> [Data excerpt]
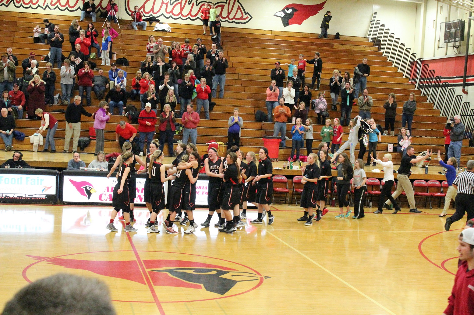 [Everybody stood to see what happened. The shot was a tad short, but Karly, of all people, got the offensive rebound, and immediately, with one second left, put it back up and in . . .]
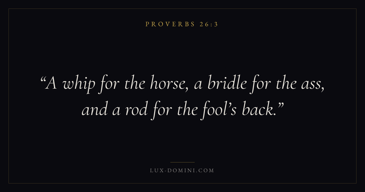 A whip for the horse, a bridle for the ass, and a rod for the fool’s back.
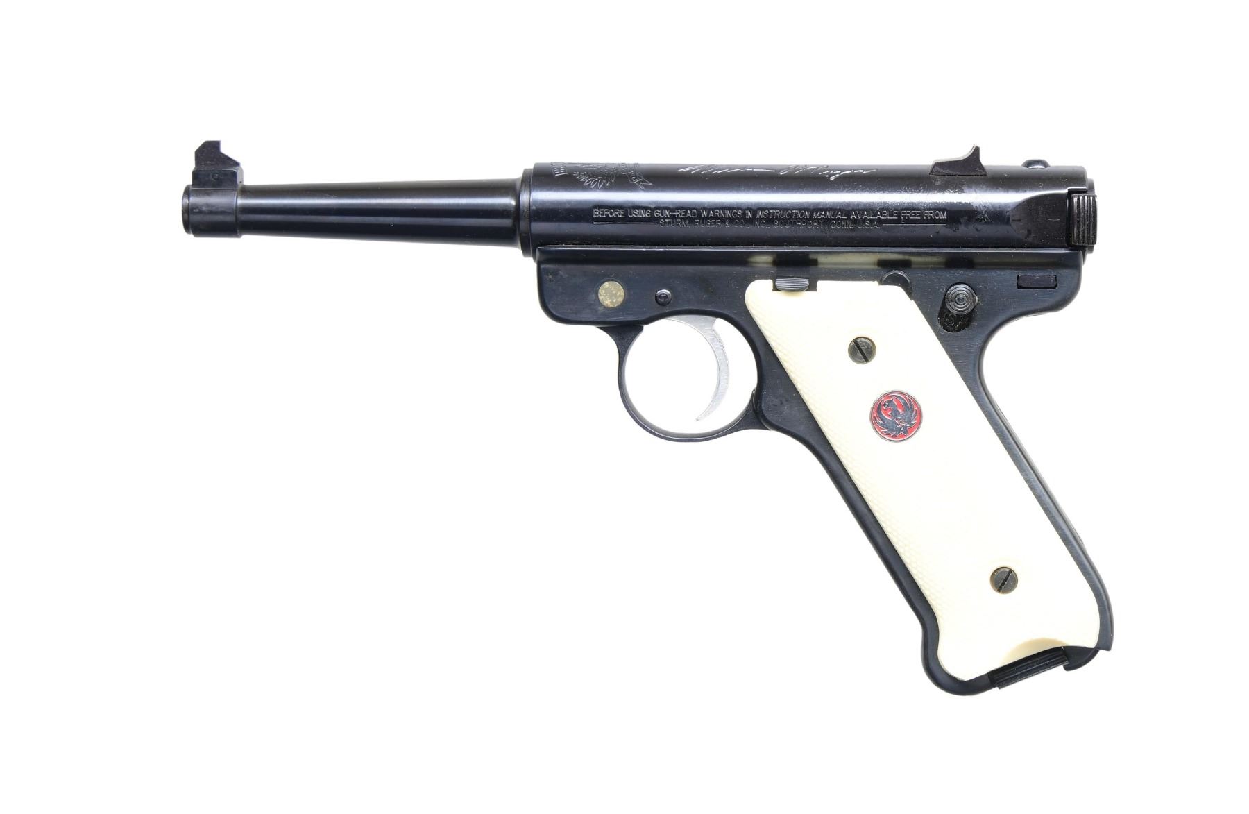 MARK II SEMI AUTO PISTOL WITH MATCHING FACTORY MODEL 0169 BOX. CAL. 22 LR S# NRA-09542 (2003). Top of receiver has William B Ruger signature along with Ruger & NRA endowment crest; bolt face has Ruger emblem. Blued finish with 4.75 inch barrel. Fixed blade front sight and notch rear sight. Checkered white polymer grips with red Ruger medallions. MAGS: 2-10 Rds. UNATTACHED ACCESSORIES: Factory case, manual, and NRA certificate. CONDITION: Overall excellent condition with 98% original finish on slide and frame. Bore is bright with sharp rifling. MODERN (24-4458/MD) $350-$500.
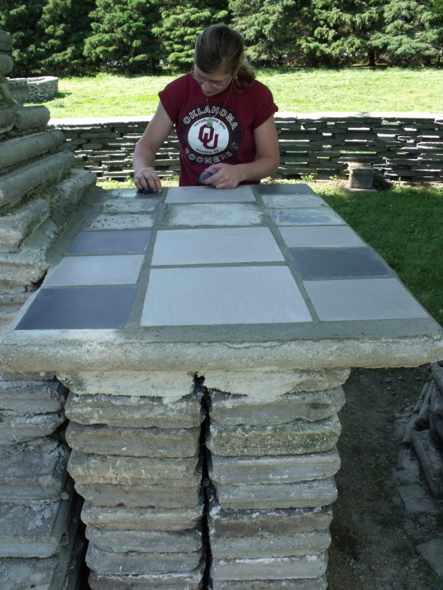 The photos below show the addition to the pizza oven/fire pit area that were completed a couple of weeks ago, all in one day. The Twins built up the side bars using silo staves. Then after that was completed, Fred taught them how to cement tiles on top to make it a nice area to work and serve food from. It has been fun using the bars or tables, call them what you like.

> [Task prompt] Nothing but the lines from the first line of the data through the line with "MARK II SEMI" belongs in the answer, copied exactly and without pictures.

> [Result]
 [Everybody stood to see what happened. The shot was a tad short, but Karly, of all people, got the offensive rebound, and immediately, with one second left, put it back up and in . . .]
 A whip for the horse, a bridle for the ass, and a rod for the fool’s back.
 MARK II SEMI AUTO PISTOL WITH MATCHING FACTORY MODEL 0169 BOX. CAL. 22 LR S# NRA-09542 (2003). Top of receiver has William B Ruger signature along with Ruger & NRA endowment crest; bolt face has Ruger emblem. Blued finish with 4.75 inch barrel. Fixed blade front sight and notch rear sight. Checkered white polymer grips with red Ruger medallions. MAGS: 2-10 Rds. UNATTACHED ACCESSORIES: Factory case, manual, and NRA certificate. CONDITION: Overall excellent condition with 98% original finish on slide and frame. Bore is bright with sharp rifling. MODERN (24-4458/MD) $350-$500.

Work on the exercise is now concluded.